SG&A expenses remain unchanged compared to last year, despite adding more than 120,000 new members in its insurance and DC segments. At this point, I’m not sure if this is an advantage of scale or an indication of inefficiency within the organization, namely a lack of medical auditing, fraud control, and reimbursement negotiation, which could explain the high MCR in its DC segment, which experienced the highest member growth in the past quarters.

The company ended the quarter with cash, cash equivalents, and marketable securities of approximately $782 million, up nearly $100 million sequentially after receiving a $96 million prepayment for its DC operations for October. On a normalized level, CLOV remains cash-flow negative.

The company expects about 93% MCR for its MA business. After running a quick back-of-the-envelope math based on a 15% MA segment growth rate, 2023 revenue is $1,072 million (2022 revenue run rate) * 1.15 (growth rate) * 0.07 (profit margin) = $86 million (gross profit). This is still below the approximately $370 million annual operating expense. The company states that its DC segment will scale to about $1 billion in 2023, down from $2.3 billion at the time of this writing. Management also gave an MCR guidance of below 100% but has yet to specify a number.
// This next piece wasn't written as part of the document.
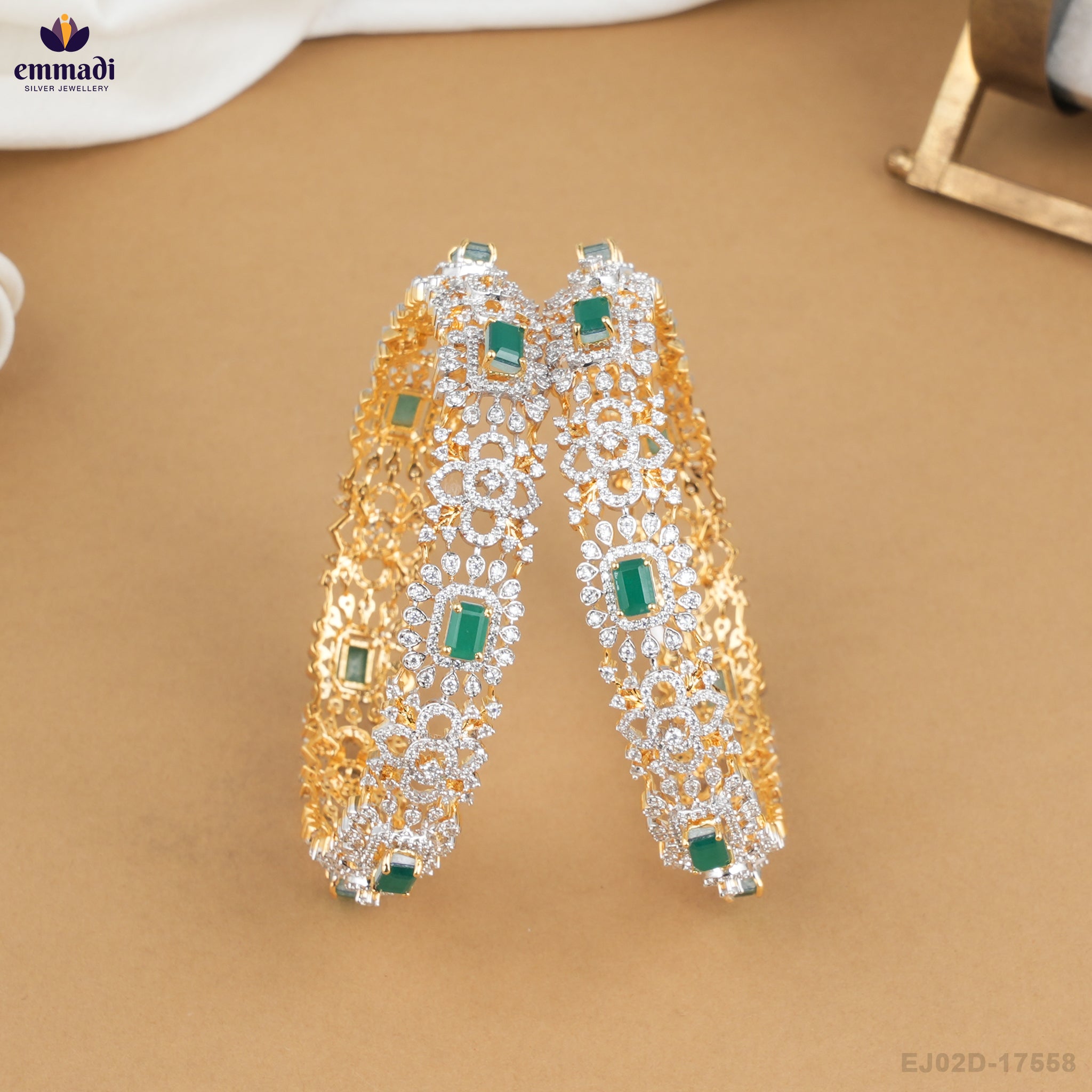 Crafted with meticulous attention to detail, each bangle features an intricate design that beautifully showcases the vibrant green cubic zirconia stones. The dazzling stones are expertly set, allowing them to catch and reflect light, creating a brilliant sparkle. The green hue symbolizes harmony and renewal, making these bangles both a stylish and meaningful addition to your jewelry collection.

Assuming a 95% MCR, the segment will add $50 million to gross profit, still needing more to cover operating losses.

Summary

After months of preaching patience to investors and Reddit followers, CLOV has reversed course on its DC segment and plans to axe enrollees by up to two-thirds this enrollment season (effective 2023.) The cutback comes on the heels of a mixed Q3 report in which the company reported a 2% increase in Medical Costs in its DC segment.

Shares rebounded in the past two trading sessions on speculative bets that the cuts will improve profitability. Nonetheless, the strategic shift highlights a potential structural weakness in CLOV’s operations: its inability to repeat its success beyond its core market segment in New Jersey. There is no clear benefit of Clover Assistant “CA,” and while there might be some correlation between low MCR and CA use, correlation doesn’t mean causation. The company will likely remain unprofitable for at least through 2023.